## Task:
Begin at the line that holds "The land of" and retype every line through the end of the material, both included. Leave out the pictures.

## Dataset records:
========================================

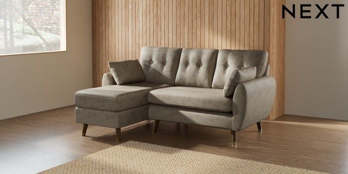 7.3.1 Buy Wilson Buttoned Back Small Sofa Chaise - Left Hand Monza Faux Leather Easy Clean Mink Brown Low Retro Tapered Metal Cap - Mid from the Next UK online shop Click here to use our accessible website
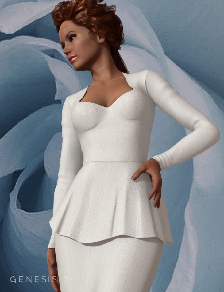 Designed with versatility in mind. "Divine" is a classically styled peplum dress with simple (but realistic) textures that you can Mix and match with ANY outfit by changing the Diffuse/Ambient/Specular color and settings. It comes with 3 completely different textures (and some color variations to get you started).
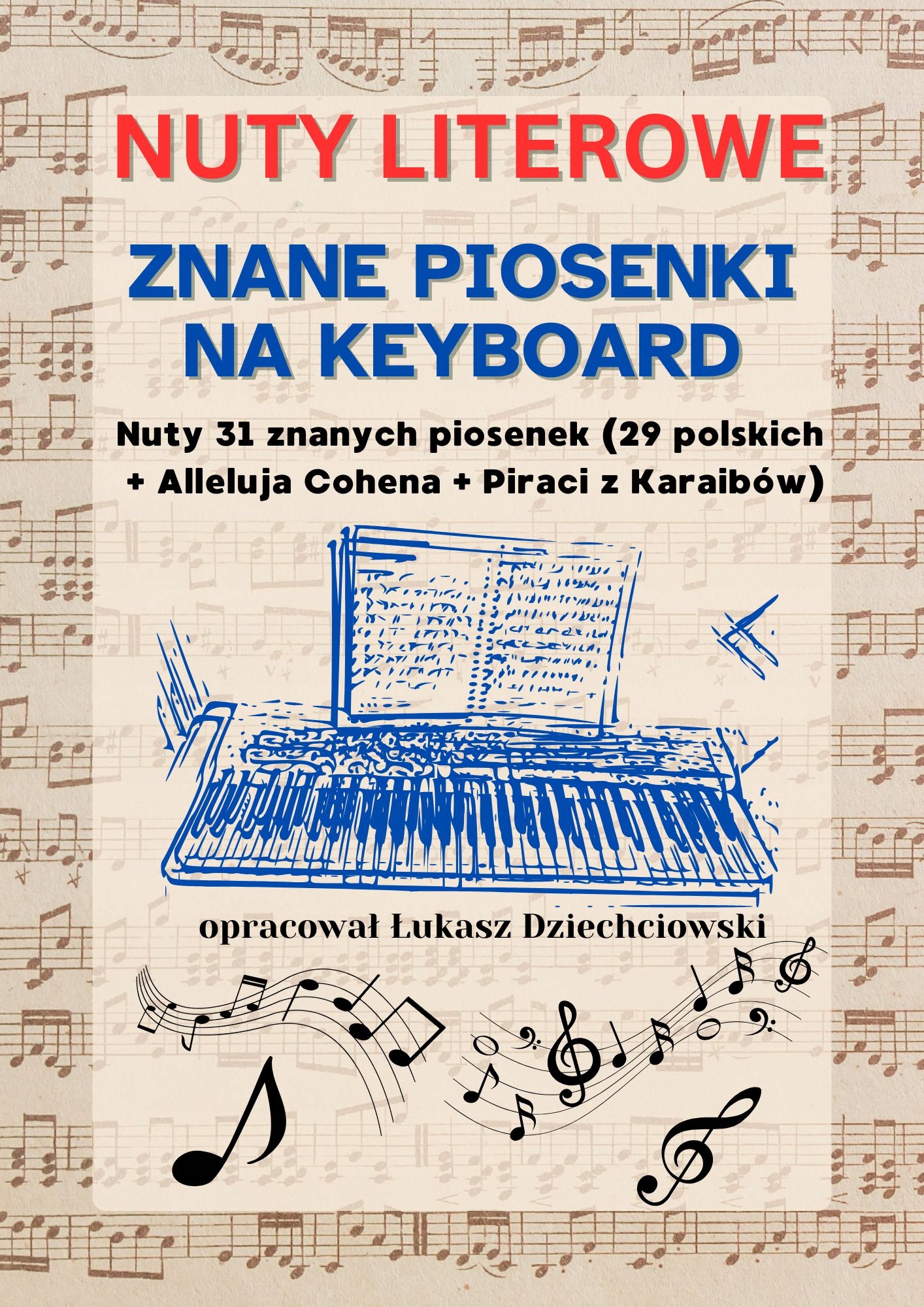 Nuty literowe piosenki na keyboard, pianino, 31 piosenek, słowa, łatwe
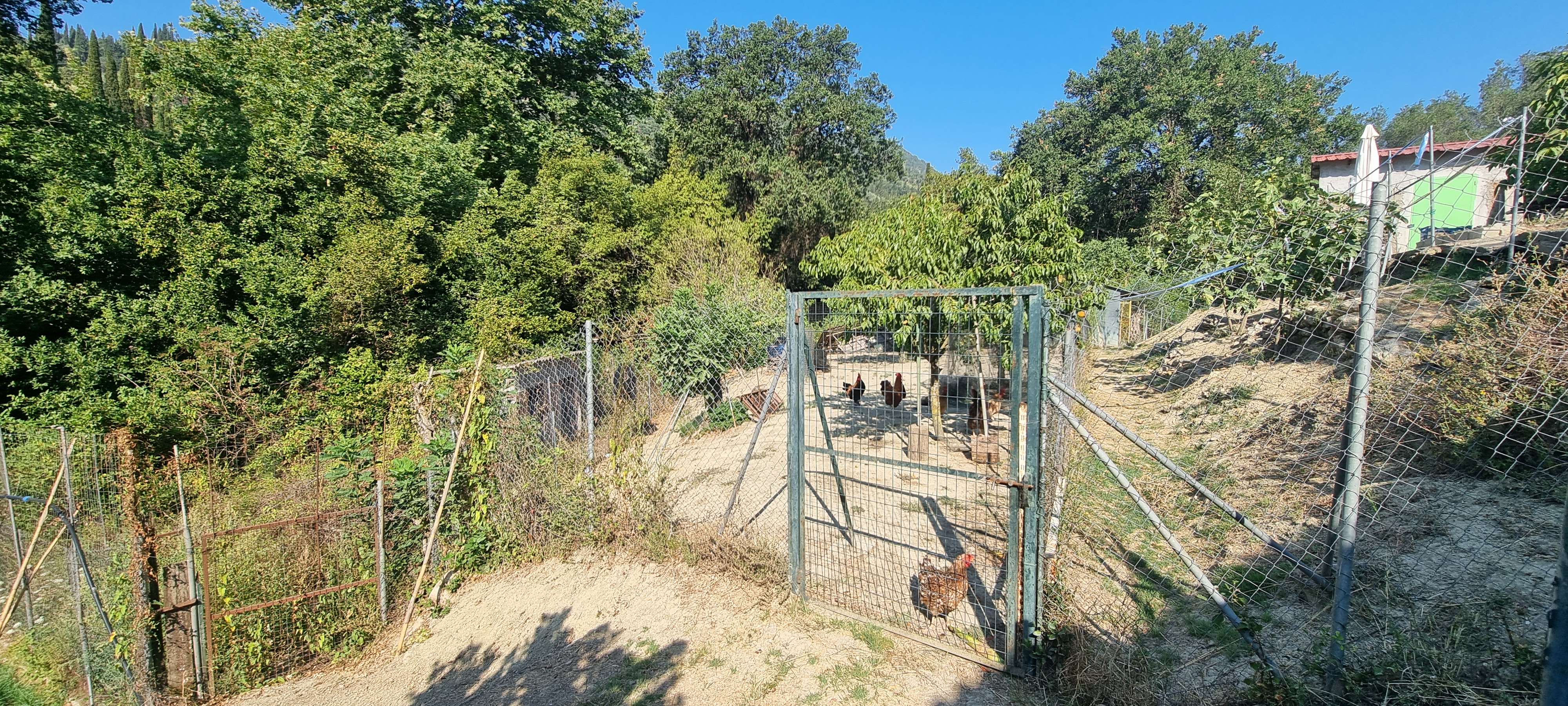 The land of 2200 m2 is fully cultivated and has lots of vegetables, fruit trees, olive trees and a chicken coop - chickens not included!
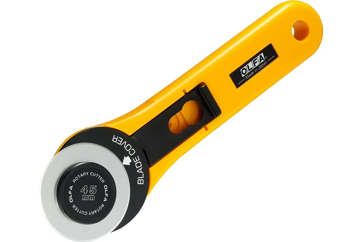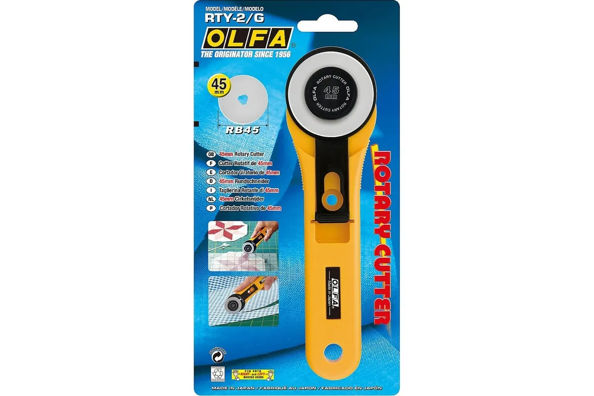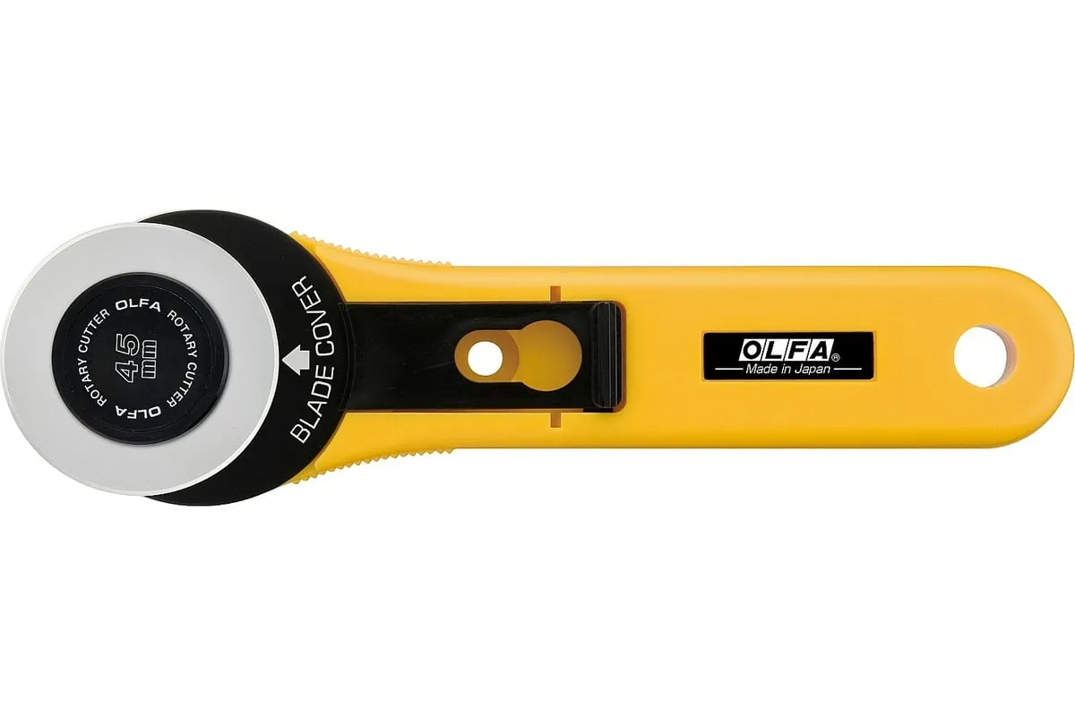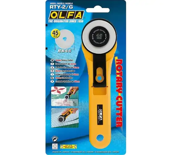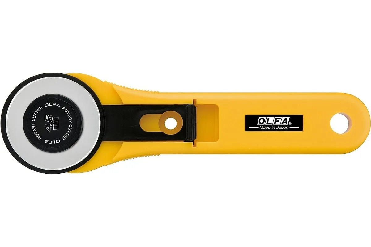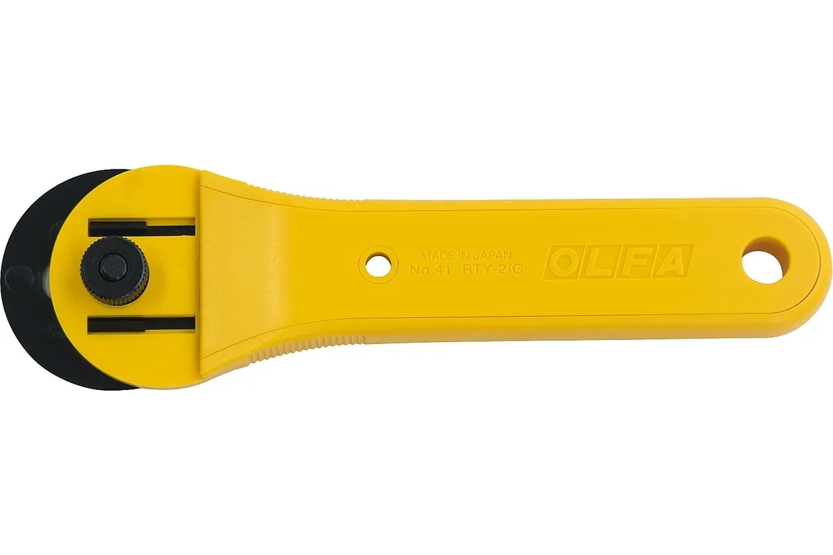 Круговой нож OLFA RTY-2/G с прямой рукояткой — это оригинальный резак в классическом дизайне OLFA. Продуманный дизайн и конструкция делают его идеальным инструментом для квилтеров, швей, дизайнеров и обычных мастеров. Нож с прямой рукояткой классической конструкции прост и эффективен. Прочная ручка имеет текстурированные канавки для контроля реза и предотвращения скольжения пальцев. Оборудован встроенной крышкой для лезвия, обеспечивающей дополнительную безопасность. Симметричный дизайн позволяет использовать его как правой, так и левой рукой. Вращающееся лезвие OLFA RB45 эффективно режет различные материалы, включая флис, войлок, шерсть, кожу, винил и другие. Изготовлено из легированной вольфрамом стали и справляется за один проход с восемью слоями хлопка. Используйте удобное отверстие в ручке, чтобы повесить инструмент на рабочем месте.
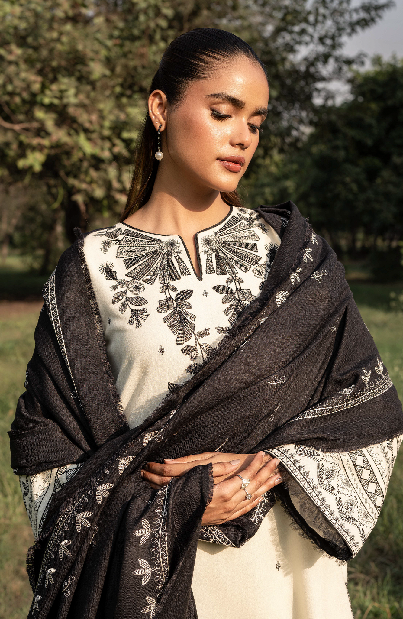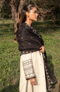 A vision of refined elegance, this off-white Karandi ensemble enchants with delicate black floral and geometric embroidery. The intricate detailing at the neck, sleeves, and trouser hem exudes timeless sophistication, while the embroidered blended shawl adds an opulent finishing touch. Subtle, luxurious, and undeniably chic.

========================================

## Solution:
 The land of 2200 m2 is fully cultivated and has lots of vegetables, fruit trees, olive trees and a chicken coop - chickens not included!
 Круговой нож OLFA RTY-2/G с прямой рукояткой — это оригинальный резак в классическом дизайне OLFA. Продуманный дизайн и конструкция делают его идеальным инструментом для квилтеров, швей, дизайнеров и обычных мастеров. Нож с прямой рукояткой классической конструкции прост и эффективен. Прочная ручка имеет текстурированные канавки для контроля реза и предотвращения скольжения пальцев. Оборудован встроенной крышкой для лезвия, обеспечивающей дополнительную безопасность. Симметричный дизайн позволяет использовать его как правой, так и левой рукой. Вращающееся лезвие OLFA RB45 эффективно режет различные материалы, включая флис, войлок, шерсть, кожу, винил и другие. Изготовлено из легированной вольфрамом стали и справляется за один проход с восемью слоями хлопка. Используйте удобное отверстие в ручке, чтобы повесить инструмент на рабочем месте.
 A vision of refined elegance, this off-white Karandi ensemble enchants with delicate black floral and geometric embroidery. The intricate detailing at the neck, sleeves, and trouser hem exudes timeless sophistication, while the embroidered blended shawl adds an opulent finishing touch. Subtle, luxurious, and undeniably chic.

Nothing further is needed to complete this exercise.